With his toes curled around the edge of a jagged rock at the bottom of a deep, fast-moving creek, he shoots out of the water. His heavy shorts tug an inch or so down his taut, narrow waist, revealing more than he bothers to notice. Instead, he focuses on how the rushing cascade dances over his well-worked chest and arms, a delight on his bare skin.
He spins toward the sound of his name.
The churning water exhilarates and refreshes, revives and relieves. He loves this.
It is Joe’s new roommate Mike, a fellow sophomore at the nearby Bible College, who calls. The one who had a hard time walking away from Paul’s epistles earlier today watches his buddy splash and goof around in the invigorating current until a wild thought pops into the New Testament lover’s mind. Mike, a pragmatist, dismisses it quickly.

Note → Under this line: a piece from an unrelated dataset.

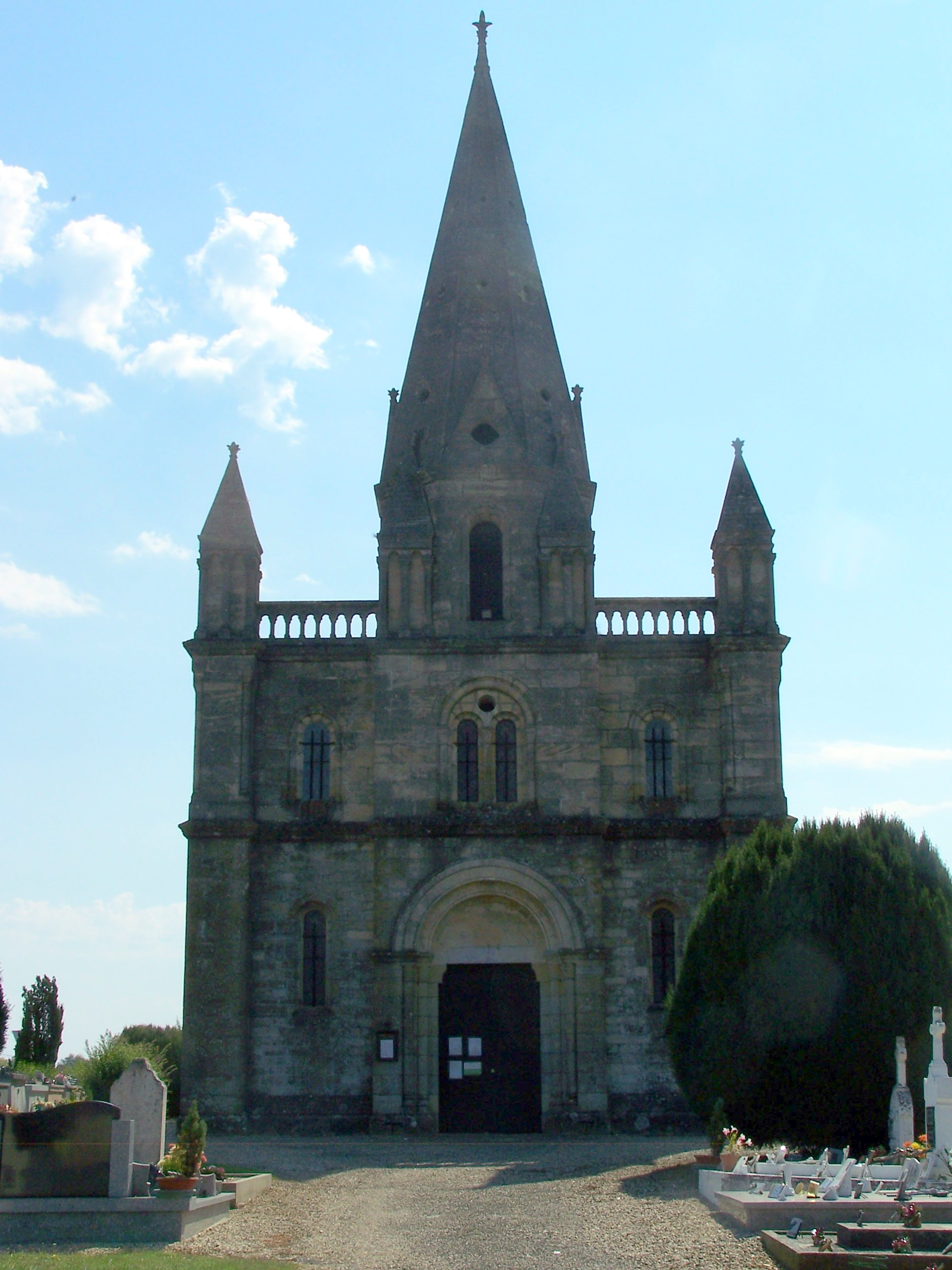 Church of Mazères (Gironde, France)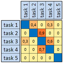 Example of a numerical Design Structure Matrix

Yet with Joe, this friend who embodies a spirit of fun in front of him, the thought gently returns. Again, Mike lets it pass.
Water splashes up his hand as this absolutely foolish notion plays out in his mind a third time. For a moment, he gives the message space.

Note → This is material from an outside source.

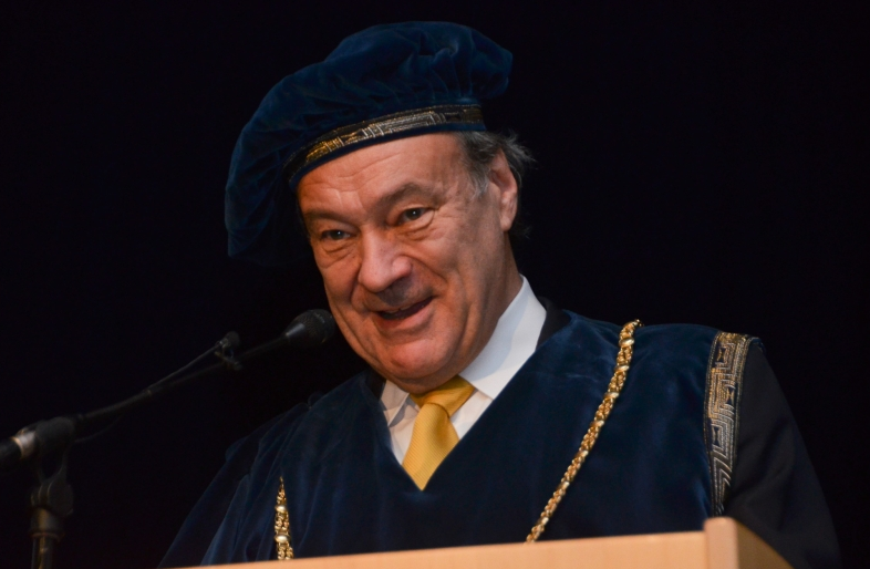 Prof. Dr. Dr. Felix Unger, the president of the European Academy of Sciences and Arts, speaking at the Alma Mater Europaea graduation ceremony. Maribor, Slovenia, 12 March 2013

Maybe this rushing water will carry away your old strains and stresses.
A ridiculous idea. Complete craziness. The one who does not swim but sinks decides far too much rolling oxygen is at play here in this slight ravine.
Something continues to happen as Mike is this wonderfully close to Joe, however. Something weird. Something good. With his still damp hand shielding his eyes, the unlikely daydreamer glances downstream.
Holding his breath, he waits. And then, with less than a sigh, the one who holds too much pain lets his past go.
Joe, who has been a world away, suddenly laughs at something that brings joy.
Joe rubs his face to hide his bright expression.
In knowing the water temperature can’t be more than fifty bone-chilling degrees, Mike tries again. “Warm enough?”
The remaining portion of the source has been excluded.